# Visualisation Tools for Screening
### Version 0.3.0
#### Demo Project

This demo provides an example of using the *vis_tools_screening* package. 

It will cover:
1. Datasets - uploading built in ones or new ones
2. Basic statistical graphs and possible customisations
3. More advanced visualisations, including:
* Interactive bar charts
* Choropleth maps

In [None]:
# Ignore warnings for purposes of demo notebook
import warnings
warnings.filterwarnings('ignore')

### Datasets

This package features functions which take the raw data from a CSV file as input, and performs several steps to prepare it for analysis. The functions are held in the module datasets.py. The functions carry out tasks including missing data handling and removing irrelevant rows or columns.
Using this function to read in the data ensures that it is clean and prepared for visualisation steps.

There are three functions available: load_cerv(), load_bowel() and load_breast().

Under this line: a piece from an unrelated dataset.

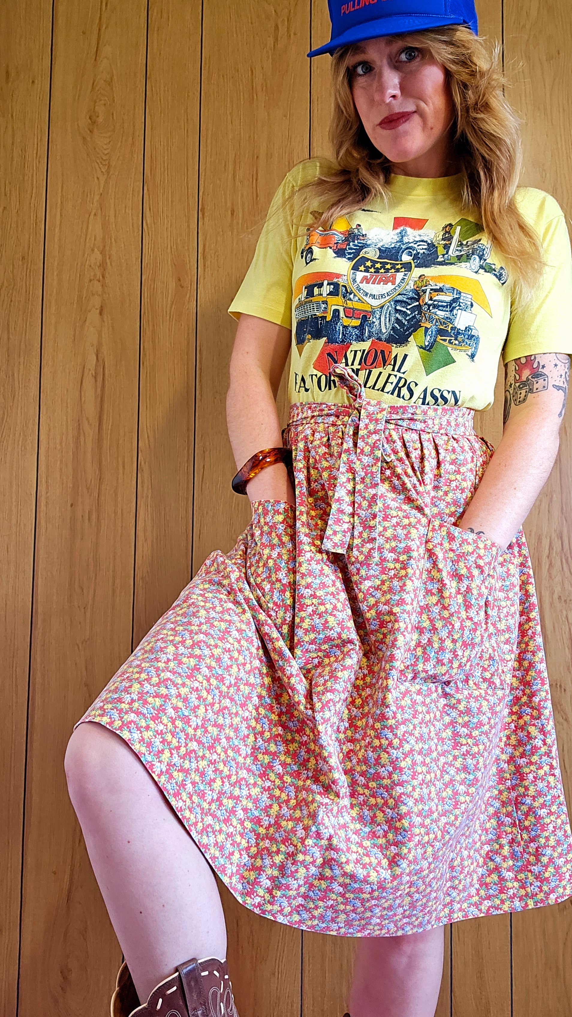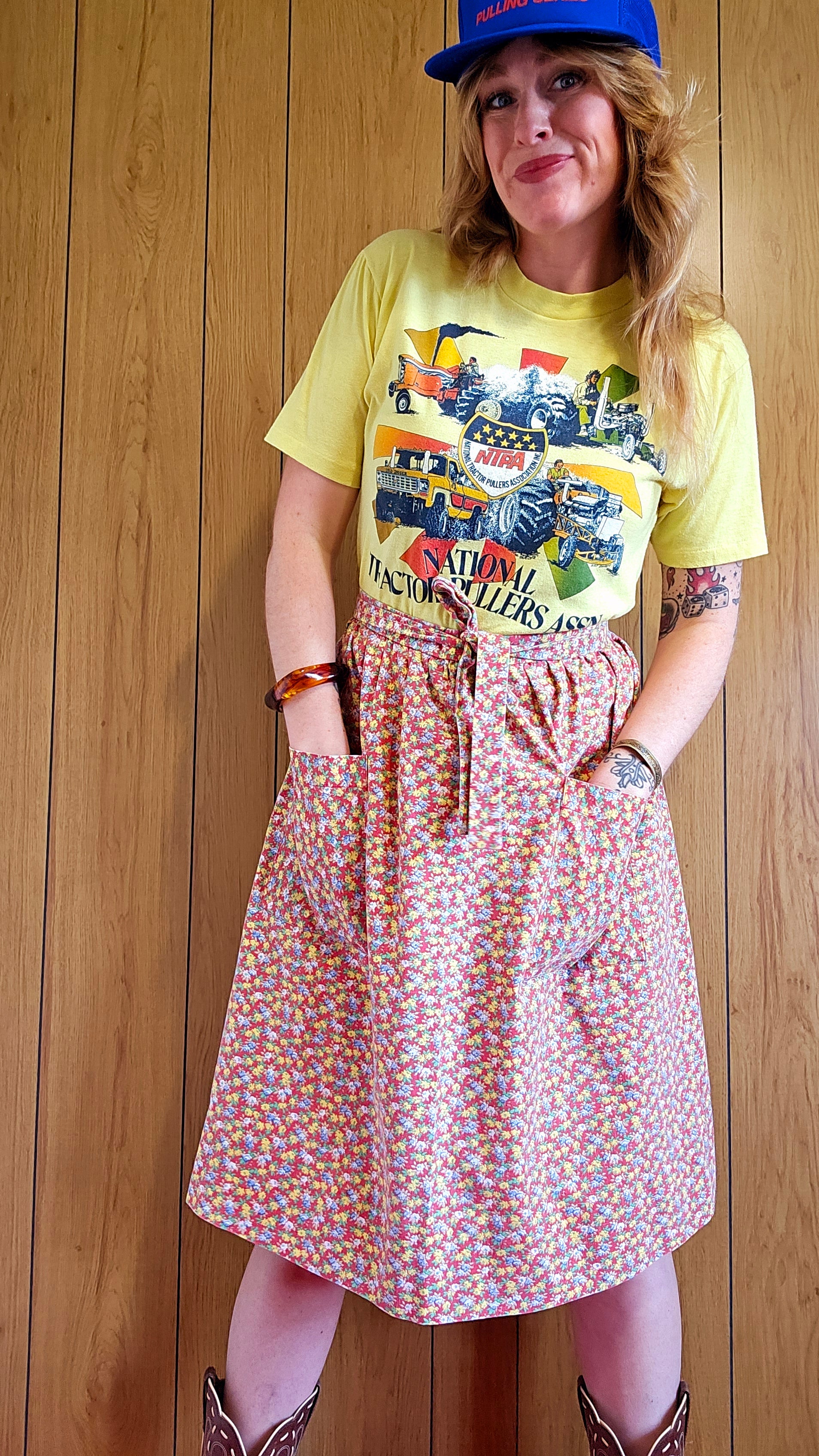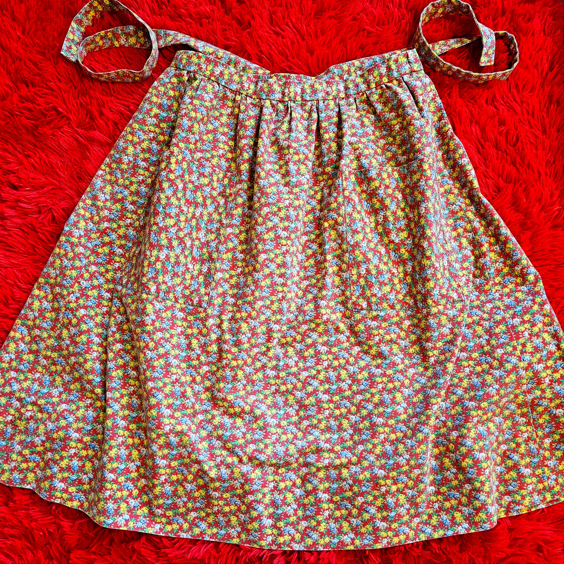 1960s floral wrap skirt with pockets, appears handmade (and done well at that!)

Each function is tailored to the data cleaning and preprocessing of the three major screening programmes in the UK respectively: cervical, bowel and breast cancer.

Import one of the built-in training datasets:

In [None]:
# Import function to load the cleaned cervical cancer DataFrame from a local file into the notebook
import datasets as ds
# Run function
df = ds.load_cerv()

The package also has functionality for importing a custom dataset, using the load_custom() function. Please place your own dataset into the 'data' folder.

If you are using your own dataset. Ensure its columns include:
* 'Area Code', eg. 'E12000001'
* 'Area Name', eg. 'Exeter'
* 'Area Type', eg. 'LA'
* 'Time period', eg. 2010
* 'Value', eg. '77.5379545'
* 'Age', eg. '25-64 yrs'
* 'Sex', eg. 'Female'

### Basic Data Exploration

In [None]:
cerv_explore = ds.BasicDataExploration(df)
cerv_explore.explore()

### Basic Statistical Graphs
Basic graph tools are within the baseline.py module. Once the DataFrame has been loaded and cleaned, basic statistical descriptive graphs may be plotted. In this example, we will plot a histogram of the screening percentage uptake data (the 'Value' column) and the number of datapoints in the dataset on the right.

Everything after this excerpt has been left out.